• [Exercise] Unless it is a picture, every line from the start of the entries through the line with "GEDA's Real Property" must be retyped exactly.

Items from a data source
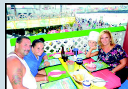
Patrons enjoy the view while choosing from a menu filled with authentic Mexican dishes created from the freshest ingredients available.
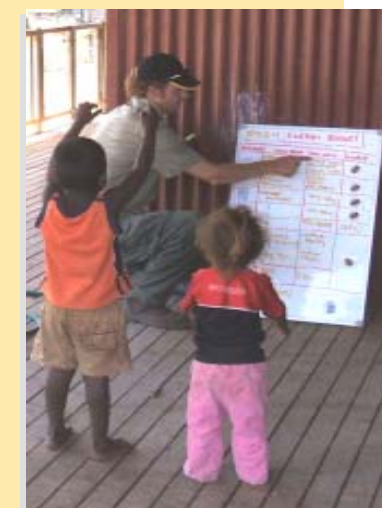
Lingarra kids join in the energy planning process

Even though the implementation of these solutions are yet to be completed, the basic training undertaken to date has already seen a drop in energy costs for residents, who are spending less on their fuel cards.
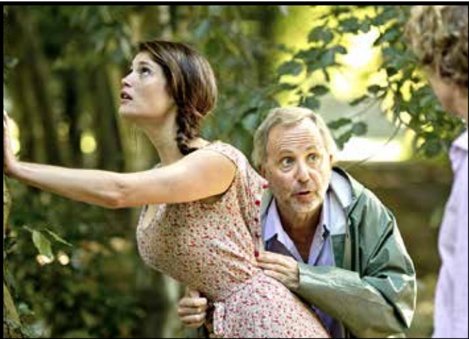
GEMMA BOVERY , March 8, 12
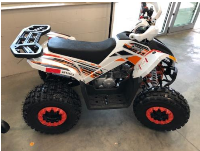
Will be the first Raffle ticket drawn
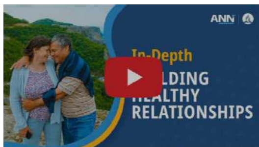
Practical Tips for Healthy Marriages and Relationships

Invite a friend to subscribe to the eBulletin
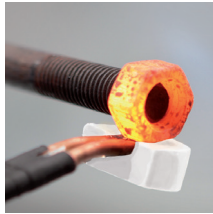
Release rusted bolts
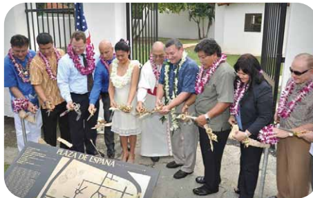
Ribbon Cutting Ceremony for the rehabilitated Plaza de España in Hagatna took place in December 2013.

GEDA's Real Property Division oversees numerous multimillion dollar projects and programs and manages two industrial parks: The E.T. Calvo Memorial Park and the Harmon Industrial Park, generating jobs and millions of dollars in revenue to the island. RPD is also charged with managing $55 million in capital improvement projects funded through the 2011 Hotel Occupancy Tax Bond (HOT Bond). These projects include the renovation and restoration of cultural and historic sites throughout the island, and include the construction of the Guam Chamorro Education Facility (Guam Museum).
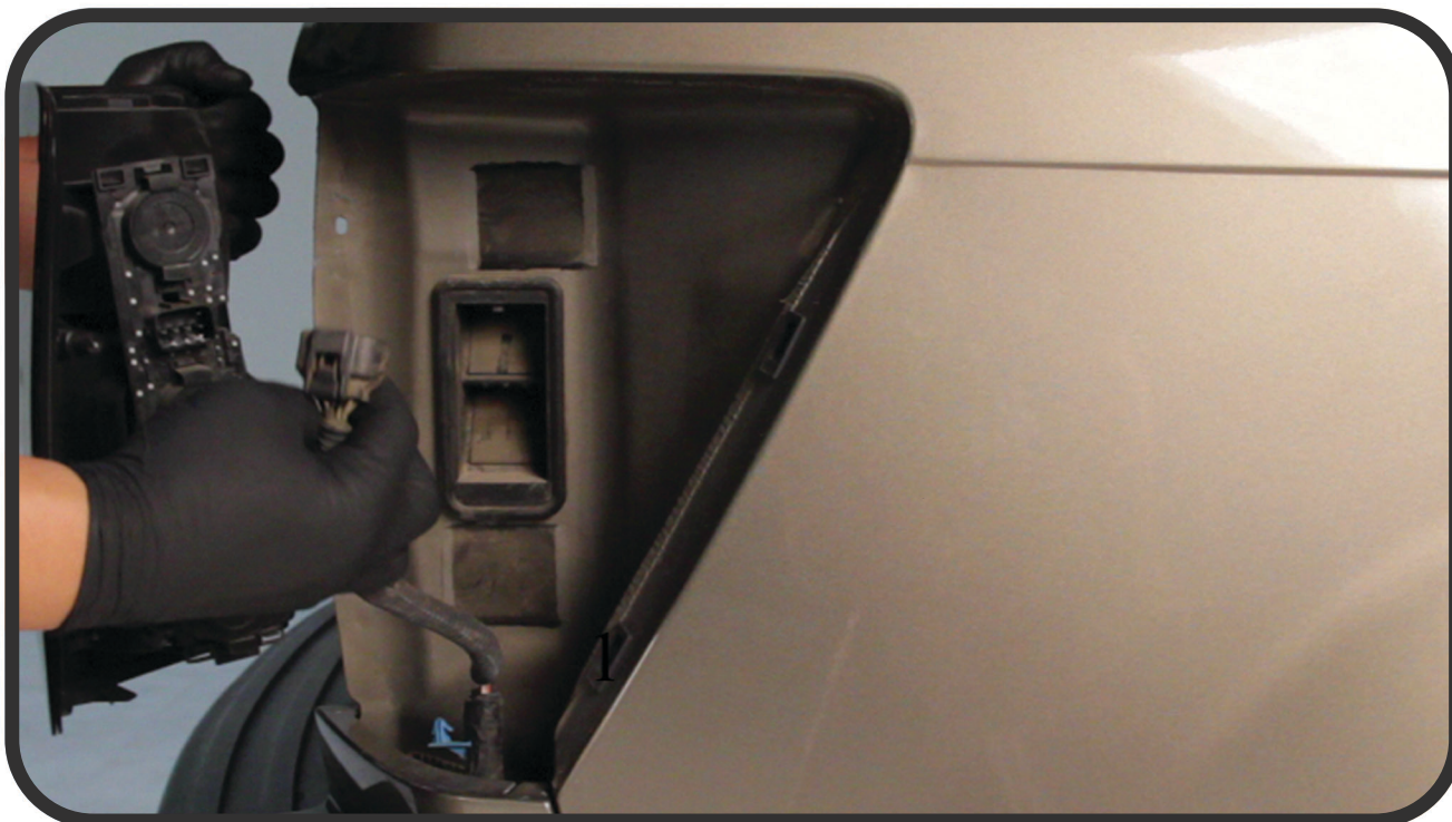
STEP 5: DISCONNECT THE TAIL LIGHT HARNESS

• [Response below]
Patrons enjoy the view while choosing from a menu filled with authentic Mexican dishes created from the freshest ingredients available.
Lingarra kids join in the energy planning process

Even though the implementation of these solutions are yet to be completed, the basic training undertaken to date has already seen a drop in energy costs for residents, who are spending less on their fuel cards.
GEMMA BOVERY , March 8, 12
Will be the first Raffle ticket drawn
Practical Tips for Healthy Marriages and Relationships

Invite a friend to subscribe to the eBulletin
Release rusted bolts
Ribbon Cutting Ceremony for the rehabilitated Plaza de España in Hagatna took place in December 2013.

GEDA's Real Property Division oversees numerous multimillion dollar projects and programs and manages two industrial parks: The E.T. Calvo Memorial Park and the Harmon Industrial Park, generating jobs and millions of dollars in revenue to the island. RPD is also charged with managing $55 million in capital improvement projects funded through the 2011 Hotel Occupancy Tax Bond (HOT Bond). These projects include the renovation and restoration of cultural and historic sites throughout the island, and include the construction of the Guam Chamorro Education Facility (Guam Museum).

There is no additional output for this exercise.